AgentSkillsCN

writing-how-openclaw-works

在撰写新的《OpenClaw工作原理》博客文章时使用。当用户提及“openclaw”、“OpenClaw如何工作”、“新工程文章”、“写一篇关于OpenClaw的文章”,或在研究OpenClaw代码库中的相关模式时触发。

SKILL.md
--- frontmatter
name: writing-how-openclaw-works
description: Use when writing a new "How OpenClaw Works" blog post. Triggers on "openclaw", "how openclaw works", "new engineering post", "write a post about openclaw", or studying patterns from the OpenClaw codebase.

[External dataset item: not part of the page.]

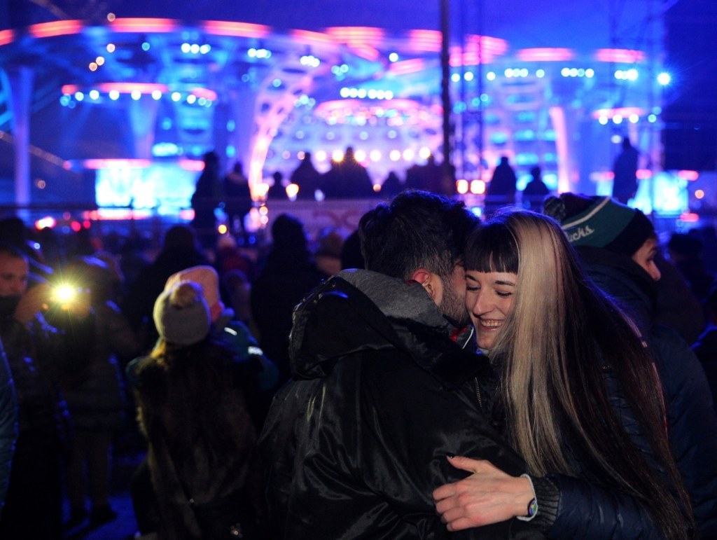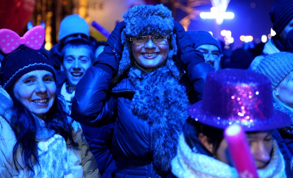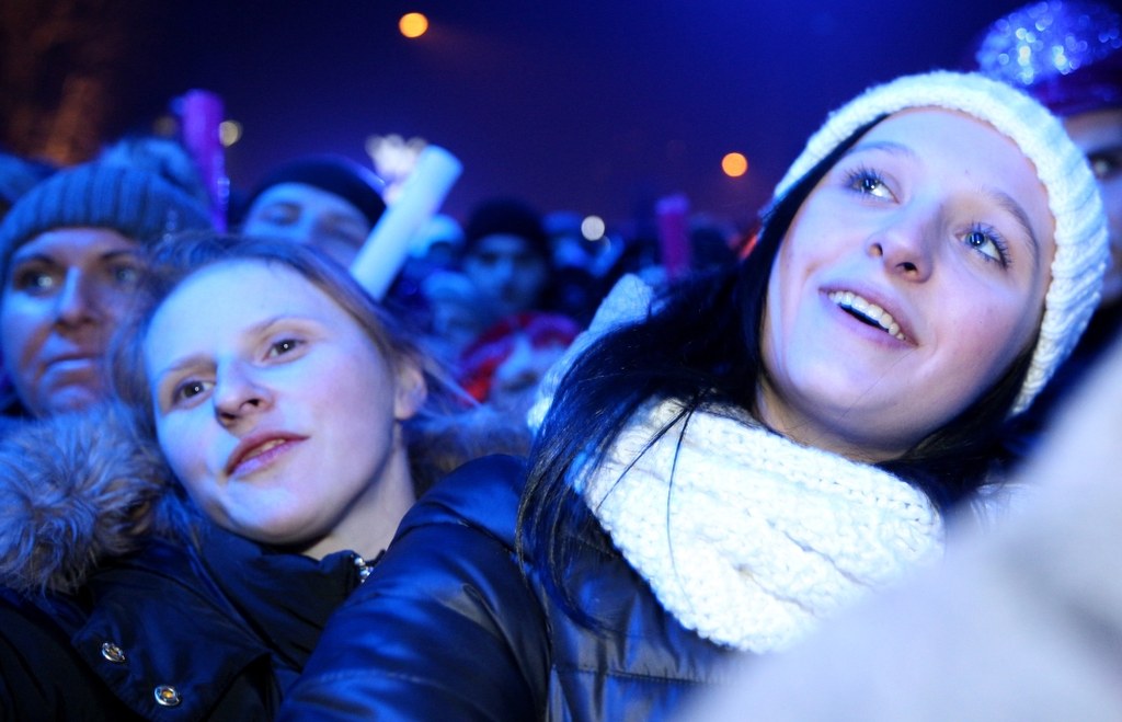 Publiczność podczas Sylwestrowej Mocy Przebojów 2015 Telewizji Polsat i RMF FM- sylwestrowej zabawy przed Spodkiem w Katowicach.

Writing "How OpenClaw Works" Posts

A series studying patterns from the OpenClaw codebase. Each post picks one source file and explains the design behind it.

File Setup

  • Location: website/content/blog/
  • Filename: how-openclaw-works-TOPIC.mdx (kebab-case)
  • Frontmatter:
yaml
---
title: "How OpenClaw Works #N — Topic Name"
date: "YYYY-MM-DD"
description: "How OpenClaw does X to achieve Y."
featured: false
category: "Engineering"
---

The description should mirror the post's thesis — what the reader will understand after reading.

Post Structure

  1. Series intro — One sentence linking the series and project.
  2. Source — Permalink to the specific file (with commit hash).
  3. Key dependencies — Bullet list. Each: linked name + why it's chosen over alternatives.
  4. The Problem — 2-3 sentences. What breaks without this solution.
  5. Pipeline/Overview — ASCII text diagram of the full flow.
  6. Walkthrough sections — One ## per stage. Pattern: heading → code block → 1-2 paragraph explanation.
  7. Takeaways — Numbered list. **Bold principle** — one-line explanation.
  8. Teaser — One sentence previewing the next post in the series.

Templates

Opening:

markdown
Post #N in **How OpenClaw Works** — a series studying patterns from the [OpenClaw](https://github.com/openclaw/openclaw) codebase, an open-source personal AI assistant.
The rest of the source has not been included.